#### Directions:
Here is a listing. Write it all out again exactly, but not its pictures.

#### Recorded information:
──────────

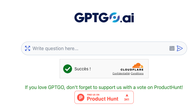 Et si Google et Chat GPT se retrouvaient dans une même interface et répondaient à la même requête ? Voici GPTGO, gratuit et sans compte (avec publicité).
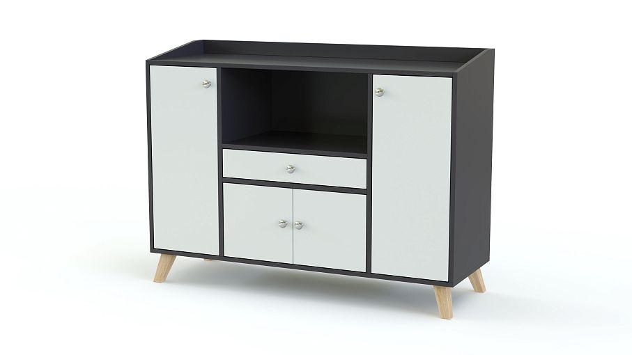 Комод Аллегро 21 BMS смотрится элегантно с корпусом в темных тонах и лаконичным белым фасадом. Широкая низкая модель на устойчивых скошенных ножках легко вписывается в любое из помещений дома и оптимально подходит для размещения декоративных предметов, книг и бытовых мелочей. Комбинированный комод оборудован просторной столешницей с бортиками, распашными отделениями, выдвижным ящиком и нишей. Купить комод Аллегро 21 BMS с выбором фурнитуры и цвета по каталогу приглашаем в наш интернет-магазин.
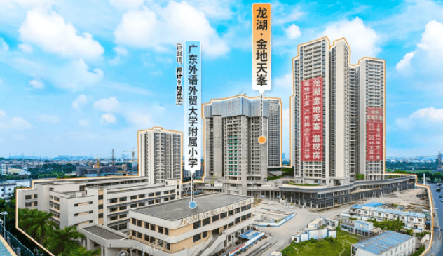 龙湖金地天峯位于广州市番禺区的核心位置——番禺广场板块,是集居住、购物、休闲、教育、出行等多功能于一体的45万㎡ TOD(Transit-Oriented Development)综合体。项目紧邻地铁3号线东延段傍江站,交通便捷,且拥有广州首座龙湖天街商业,为居民提供一站式的购物娱乐体验。小区还配套建设了广外附小学校,预计2024年9月开学,并优先招生本小区业主子女。该区域被视为旧区府板块的延续和升级版,由配套、教育、交通、医疗四大核心驱动的高品质迭代居住区。

──────────

#### Exercise result:
 Et si Google et Chat GPT se retrouvaient dans une même interface et répondaient à la même requête ? Voici GPTGO, gratuit et sans compte (avec publicité).
 Комод Аллегро 21 BMS смотрится элегантно с корпусом в темных тонах и лаконичным белым фасадом. Широкая низкая модель на устойчивых скошенных ножках легко вписывается в любое из помещений дома и оптимально подходит для размещения декоративных предметов, книг и бытовых мелочей. Комбинированный комод оборудован просторной столешницей с бортиками, распашными отделениями, выдвижным ящиком и нишей. Купить комод Аллегро 21 BMS с выбором фурнитуры и цвета по каталогу приглашаем в наш интернет-магазин.
 龙湖金地天峯位于广州市番禺区的核心位置——番禺广场板块,是集居住、购物、休闲、教育、出行等多功能于一体的45万㎡ TOD(Transit-Oriented Development)综合体。项目紧邻地铁3号线东延段傍江站,交通便捷,且拥有广州首座龙湖天街商业,为居民提供一站式的购物娱乐体验。小区还配套建设了广外附小学校,预计2024年9月开学,并优先招生本小区业主子女。该区域被视为旧区府板块的延续和升级版,由配套、教育、交通、医疗四大核心驱动的高品质迭代居住区。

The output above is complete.